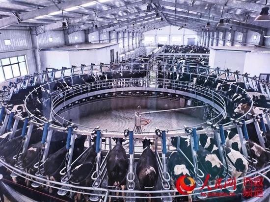 下午5點,正是擠奶時間。養(yǎng)殖場早就拋棄傳統(tǒng)人工擠奶,取而代之的是現(xiàn)代化操作車間。全自動轉(zhuǎn)盤式擠奶設(shè)備,運用全自動糞污處理系統(tǒng)對奶牛的糞尿進行減量化、無害化、資源化處理,形成了“奶牛養(yǎng)殖—沼液還田—飼草種植”的綠色循環(huán)養(yǎng)殖模式。
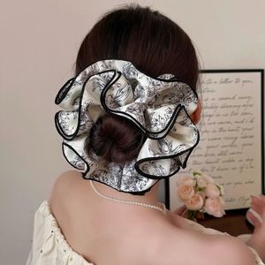 黑灰色蝴蝶结印花约10cm大肠发圈
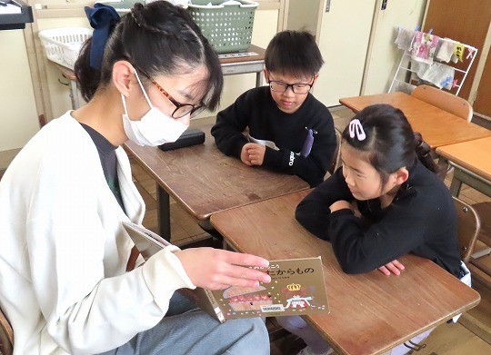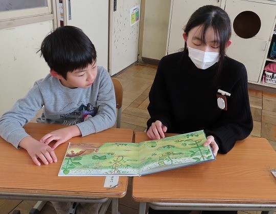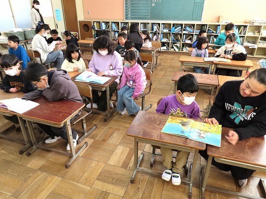 6年生の優しい読み聞かせに、1年生は真剣に耳を傾けていました。
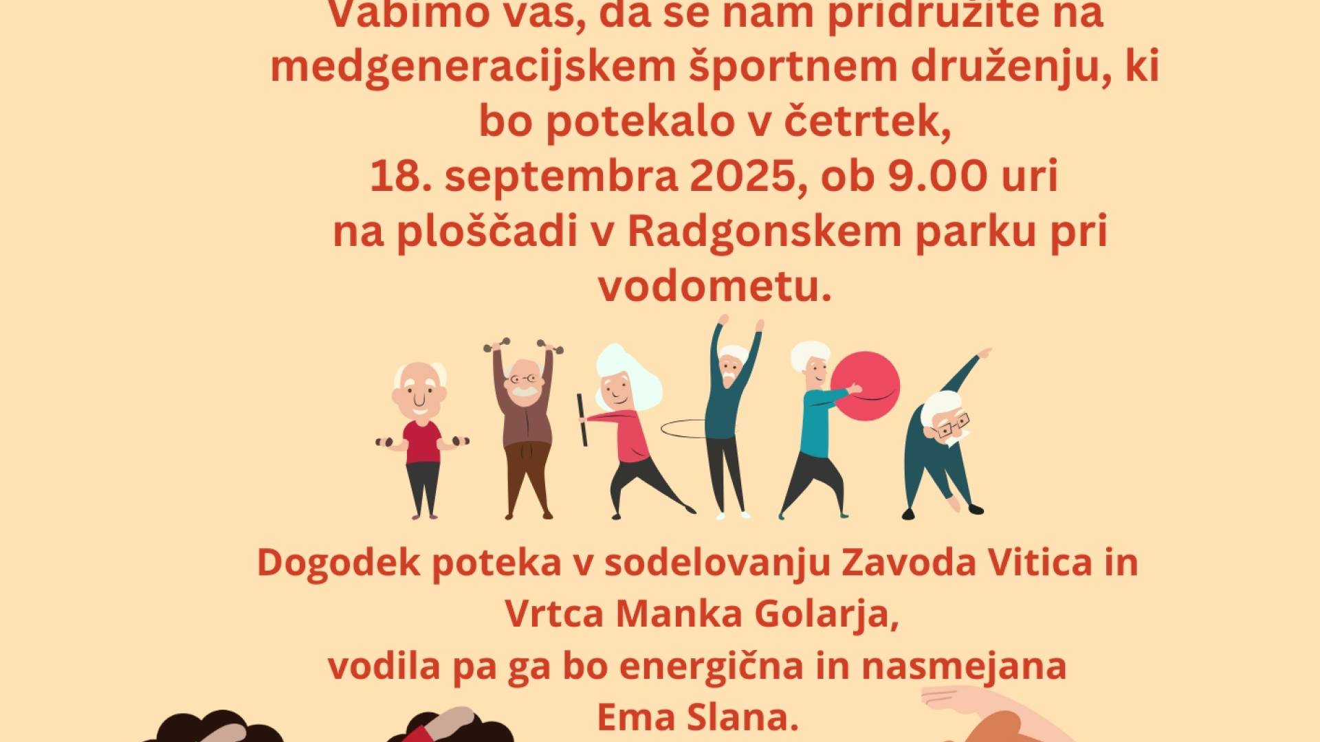 v Mestnem parku Gornja RadgonaV četrtek, 18. septembra 2025, ob 9. uri Zavod Vitica vabi vse ljubitelje gibanja. da se jim pridružimo na medgeneracijskem športnem druženju na ploščadi v Mestnem parku Gornja Radgona. Več informacij na plakatu.
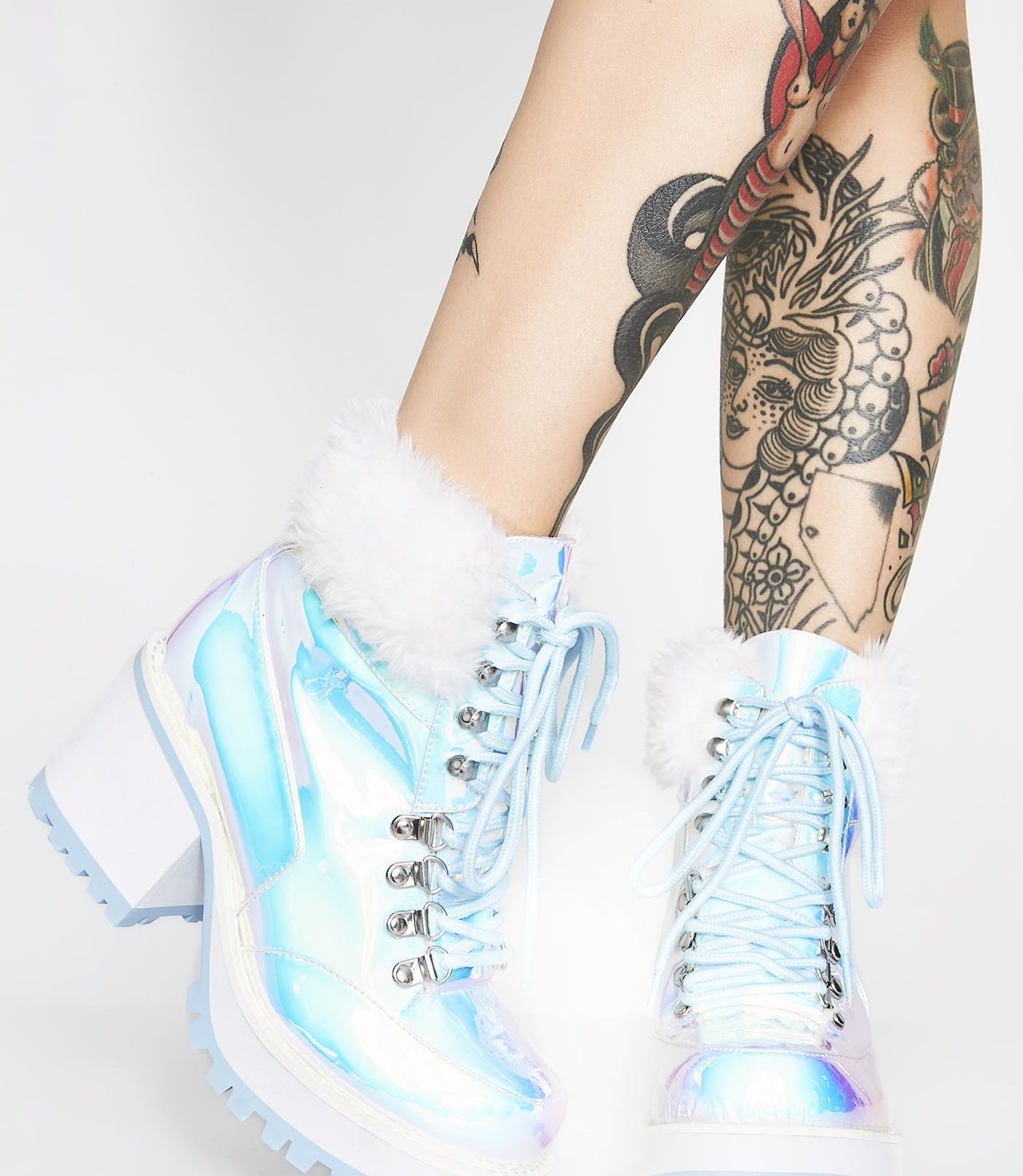 13. Holographic booties for a "yeti going to a rave" kind of look.
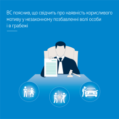 Засуджений за незаконне позбавлення волі особи, грабіж та незаконне заволодіння транспортним засобом (ч. 2 ст. 146, ч. 1 ст. 186, ч. 3 ст. 289 КК України) подав касаційну скаргу до Верховного Суду на судові рішення щодо нього. Скаржник зазначив, зокрема, про неправильну кваліфікацію його дій за ч. 2 ст. 146, ч. 1 ст. 186 КК України у зв’язку з недоведеністю корисливого мотиву на заволодіння майном і на позбавлення волі потерпілого (вважає, що його дії слід кваліфікувати за ч. 1 ст. 146 КК України).
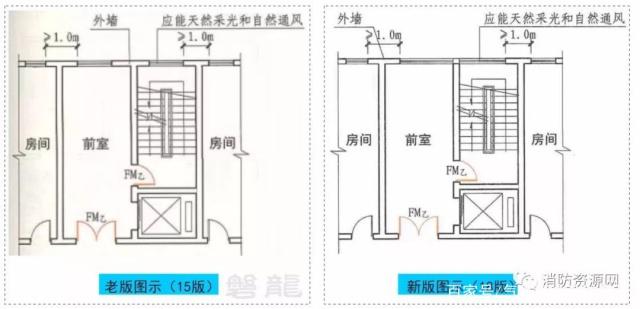 三、前室和樓梯間的門、窗、洞口間距,不再強(qiáng)調(diào)1.0m的距離要求。(6.4.1圖示1,P172)
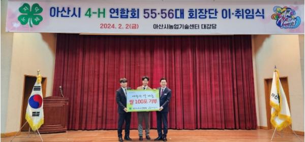 이날 아산시4-H연합회에서는 어려운 이웃을 위해 사용해 달라며 쌀 1,000kg(400만 원 상당)을 아산시에 기부하여, 지역사회의 상생과 나눔을 직접 실천하는 더욱 뜻깊은 시간을 가졌다.

-------------------------

**ACTIVITY:** What should come back is an exact copy of the lines above from the line with "6年生の優しい読み聞かせに、1年生は真剣に耳を傾けていました。" to the line with "13. Holographic booties", both included, minus the pictures.

**RESPONSE TO THIS TASK:**
 6年生の優しい読み聞かせに、1年生は真剣に耳を傾けていました。
 v Mestnem parku Gornja RadgonaV četrtek, 18. septembra 2025, ob 9. uri Zavod Vitica vabi vse ljubitelje gibanja. da se jim pridružimo na medgeneracijskem športnem druženju na ploščadi v Mestnem parku Gornja Radgona. Več informacij na plakatu.
 13. Holographic booties for a "yeti going to a rave" kind of look.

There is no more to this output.